Offshore-Windparks

Einführung

Die aktuelle Energiepolitik und die Unterzeichnung des Kyoto Protokolls, führt dazu, dass in Zukunft auf erneuerbare Energien gesetzt werden muss. Hauptpfeiler der neuen Energiegewinnung wird neben der Wasserkraft vor allem die Windkraft sein, doch stößt der weitere Bau solcher Anlagen auf dem Festland vermehrt auf Hindernisse. Dazu gehört der zunehmende Mangel an geeigneten Flächen, ausreichende Windstärken, Naturschutz, eine wachsende Gegnerschaft der betroffenen Bevölkerung wegen der Anhäufung der Anlagen und deren Größe. Deshalb wird verzweifelt nach neuen Standorten gesucht und mit der Erschließung so genannter Offshore Standorte wäre eine geeignete Lösung gefunden. Wie der Name schon erschließen lässt werden diese Anlagen nicht auf dem Festland, sondern im Meer gebaut.

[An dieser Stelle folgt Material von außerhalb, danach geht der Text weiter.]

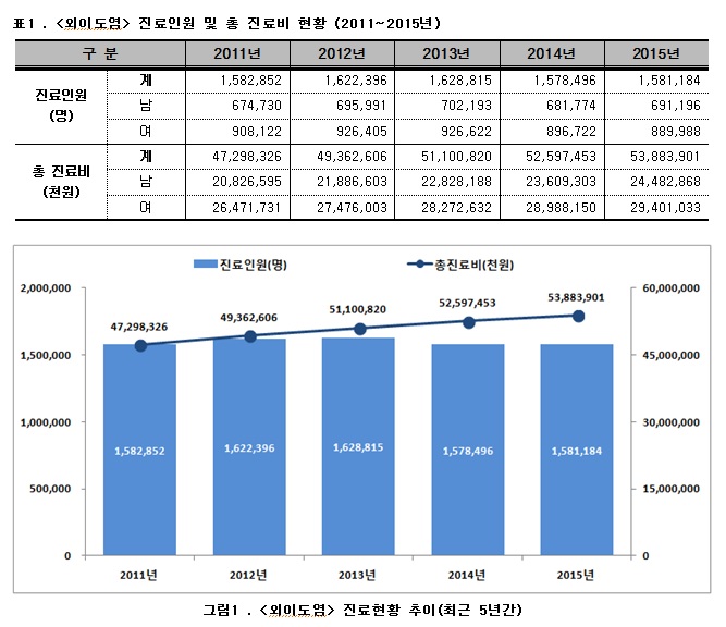 최근 5년간 (2011~2015년)의 건강보험 및 의료급여 심사결정 자료에서 나타난 ‘외이도염‘의 진료 추이를 살펴보면, 진료인원은 평균 160만명정도 수준으로 최근 2015년에는 약 158만명이 진료를 받았으며, 총진료비는 2015년 기준 약 539억원으로 2011년부터 연평균 3.3%씩 꾸준히 증가추세를 보였다.

Untersuchungen über die dort gewinnbaren Strommengen zeigen, dass ein erheblicher Anteil der deutschen Stromversorgung „rein rechnerisch“ durch diese Anlagen gewonnen werden könnte. Die erzielbare Ausnutzung (Stunden pro Jahr) ist bei Offshore Anlagen größer, als bei Onshore Anlagen. Dem gegenüber stehen wesentlich höhere Bau- und Unterhalskosten. Ob sich die Anlagen wirtschaftlich rentieren ist also noch nicht geklärt, zudem hat Deutschland noch keine Offshore Anlagen in Betrieb genommen. Obwohl ca. 30 große Windparks vor der Küste im Gespräch sind, soll erst im kommenden Jahr ein Pilot Projekt in der Nähe von Borkum realisiert werden.

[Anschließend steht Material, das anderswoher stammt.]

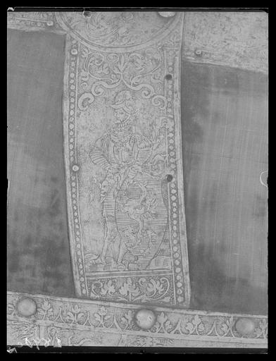 | Keywords: Ländpansar till hästrustning, troligen tillhörigt Johan III, 1500-tal - Livrustkammaren - 36659.tif LSH artwork sv Bestående av 45 plåtar i varierande storlek sammanfogade med nitar och på insidan kantband av sämskat läder Längs kanterna rader av nitar med kullriga mässingsskallar Formen välvd och formad efter hästens kropp med bredare bakparti Varje sida delas in i 14 rektagulära fält klädda med mörkrött siden Kanter och flätverk med på den blanka utsidan ett heltäckande etsat mönster iform av nertill jaktscener och på banden helfigurbilder på män i olika typer av rustning varav några med sköldar Mellan figurbilderna runda medaljonger med byster av män och kvinnor i antikiserande kläder Pansarets övre del består av ett separat långsmalt stycke med framtill dekor av tätt rankverk och baktill format till en liggande hundliknande drake med lång ringlande svans uppspärrat gap och uppåtpekande öron Kroppen täckt av etsade lövliknade fjäll djurets längd 720 mm Insidan brunsvart och ojämn med tyliga slagmärken Längs nedre kanterna 20 mm breda band av brungult sämskat läder original caption century 16 velvet Färg mörkt röd material sammet - brass - steel - leather Färg brungul material läder g 8600 size mm 890 650 340 LRK Johan III av Sverige Tre Konungar på Åbo slott 1993 Björneborg - Johans stad Satakunta Museum Björneborg/Pori 2008 Trofast - hov och tass i kunglig tjänst 2010-2011 Livrustkammaren Trogna vänner - Kungliga hästar och hundar 2011-2012 Museiverket/Finlands nationalmuseum place of origin original filename LN_E02910 59504 inventory number LRK 22862 36659 CC0 Ländpansar till hästrustning troligen tillhörigt Johan III 1500-tal - Livrustkammaren - 36659-negative tif <gallery caption Different images of same object > File Ländpansar till hästrustning troligen tillhörigt Johan III 1500-tal - Livrustkammaren - 79460 tif File Ländpansar till hästrustning har troligen tillhört Johan III 1500-tal - Livrustkammaren - 10975 tif File Ländpansar till hästrustning troligen tillhörigt Johan III 1500-tal - Livrustkammaren - 2415 tif File Ländpansar till hästrustning troligen tillhörigt Johan III 1500-tal - Livrustkammaren - 70895 tif </gallery> <gallery caption Related objects > File Manpansar möjligen tillhörigt Johan III 1500-talets mitt - Livrustkammaren - 19537 tif LRK 22860 File Manpansar möjligen tillhörigt Johan III 1500-talets mitt - Livrustkammaren - 36657 tif LRK 22860 File Manpansar möjligen tillhörigt Johan III 1500-talets mitt - Livrustkammaren - 62337 tif LRK 22860 File Bogpansar till hästrusning troligen tillhörigt Johan III 1500-tal - Livrustkammaren - 35526 tif LRK 22861 File Manpansar möjligen tillhörigt Johan III 1500-talets mitt - Livrustkammaren - 70899 tif LRK 22860 File Bogpansar till hästrusning troligen tillhörigt Johan III 1500-tal - Livrustkammaren - 44085 tif LRK 22861 File Bogpansar till hästrusning troligen tillhörigt Johan III 1500-tal - Livrustkammaren - 79454 tif LRK 22861 File Manpansar möjligen tillhörigt Johan III 1500-talets mitt - Livrustkammaren - 79458 tif LRK 22860 File Manpansar möjligen tillhörigt Johan III 1500-talets mitt - Livrustkammaren - 53776 tif LRK 22860 File Manpansar möjligen tillhörigt Johan III 1500-talets mitt - Livrustkammaren - 45215 tif LRK 22860 File Manpansar möjligen tillhörigt Johan III 1500-talets mitt - Livrustkammaren - 10973 tif LRK 22860 File Manpansar möjligen tillhörigt Johan III 1500-talets mitt - Livrustkammaren - 28096 tif LRK 22860 File Utställningsbild sadlar hästrustningar mm - Livrustkammaren - 77173 tif LRK 22861 File Manpansar möjligen tillhörigt Johan III 1500-talets mitt - Livrustkammaren - 2413 tif LRK 22860 File Manpansar möjligen tillhörigt Johan III 1500-talets mitt - Livrustkammaren - 35519 tif LRK 22860 </gallery> Armour Media contributed by LSH 2016-12 |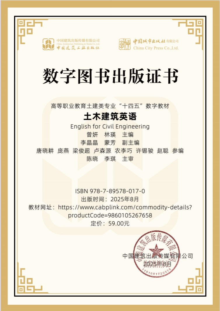 (二)主编教材《土木建筑英语》——高等职业教育土建类“互联网+”活页式创新教材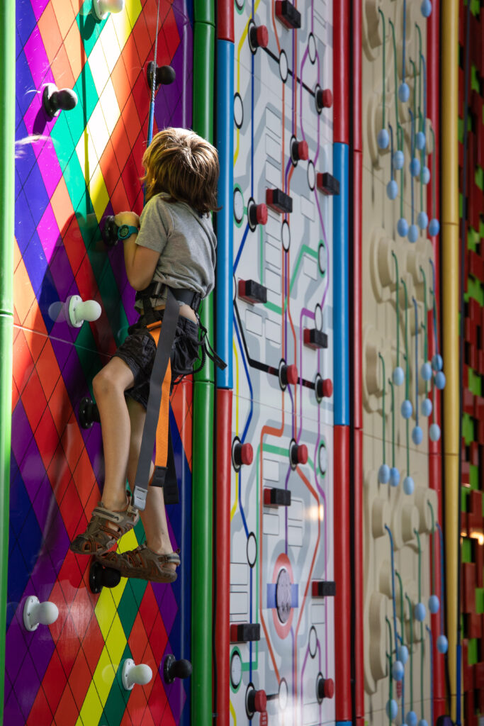 Idéal pour une première approche de l’escalade, le Fun Climbing permet aux enfants de grimper sur des murs colorés et originaux, équipés d’un système d’assurage automatique.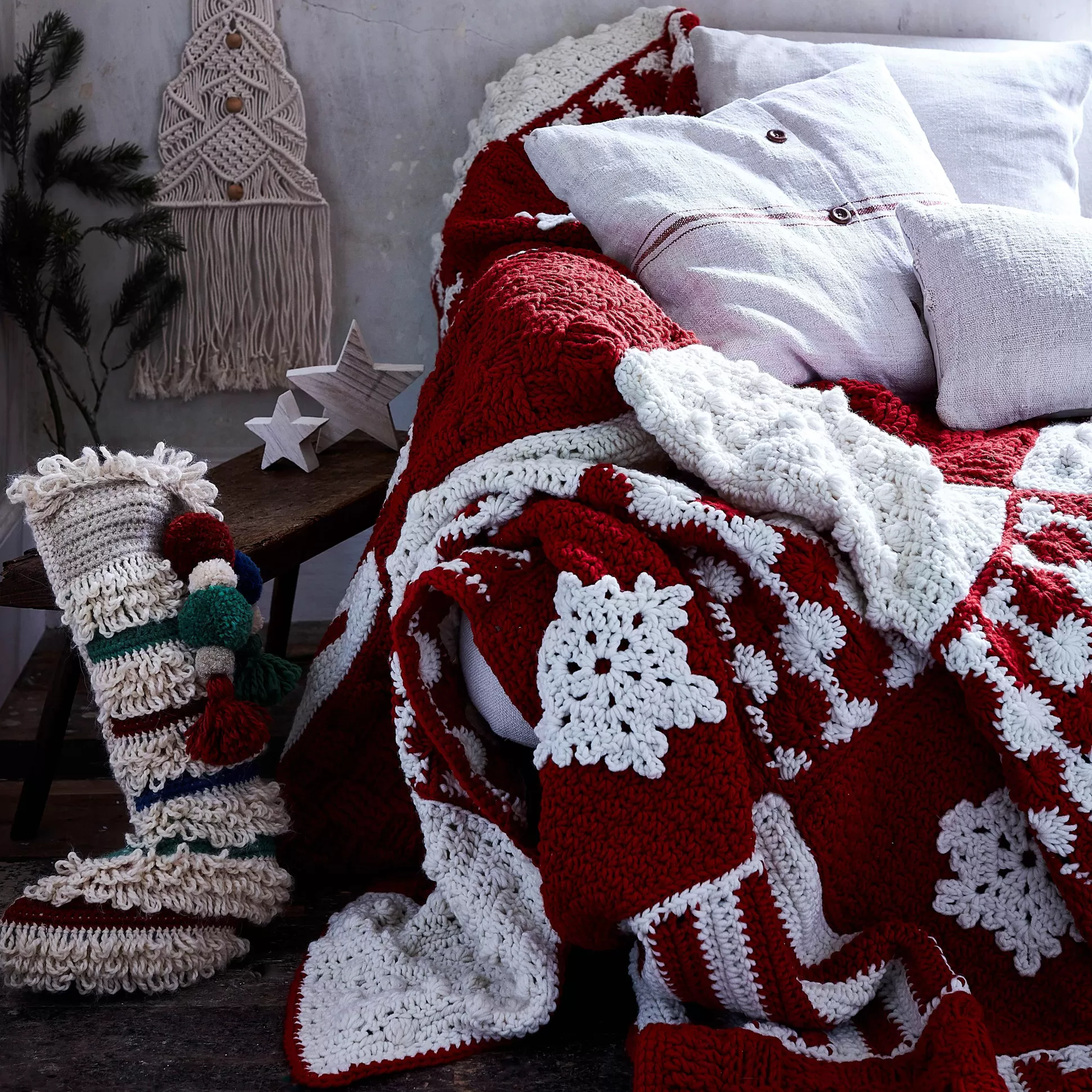 Crochet Your Way To The Fun, Festive Treat With Red And White Wi Soft And Chunky Yarn. The Textured Design Is Sure To Become A Family Favourite For The Snowy Season, With A Mixture Of Stripes, Snowflakes, Bobbles And More To Enjoy.

Finanzierung und Subventionen

Die derzeitig geplanten Offshore Windkraftprojekte erreichen Größenordnungen von mehreren 100 MW und somit Investitionsvolumina in dreistelliger Millionenhöhe. Die Kosten haben eine ganz andere Dimension als bei Onshore Anlagen und somit kann auch die Finanzierung nicht übertragen werden.

Die geplanten Offshore Anlagen würden rein privatwirtschaftlich betrieben werden und somit trage der Investor das volle wirtschaftliche Risiko und sei für einen eventuellen Abbau der Anlagen verantwortlich.

Die Bundesregierung sieht keine direkten Subventionen vor, doch stellt das Erneuerbare Energie Gesetz (EEG) eine indirekte Subvention da. Durch das EEG wird dem Strompreis aus Windkraftanlagen eine Mindestvergütung garantiert.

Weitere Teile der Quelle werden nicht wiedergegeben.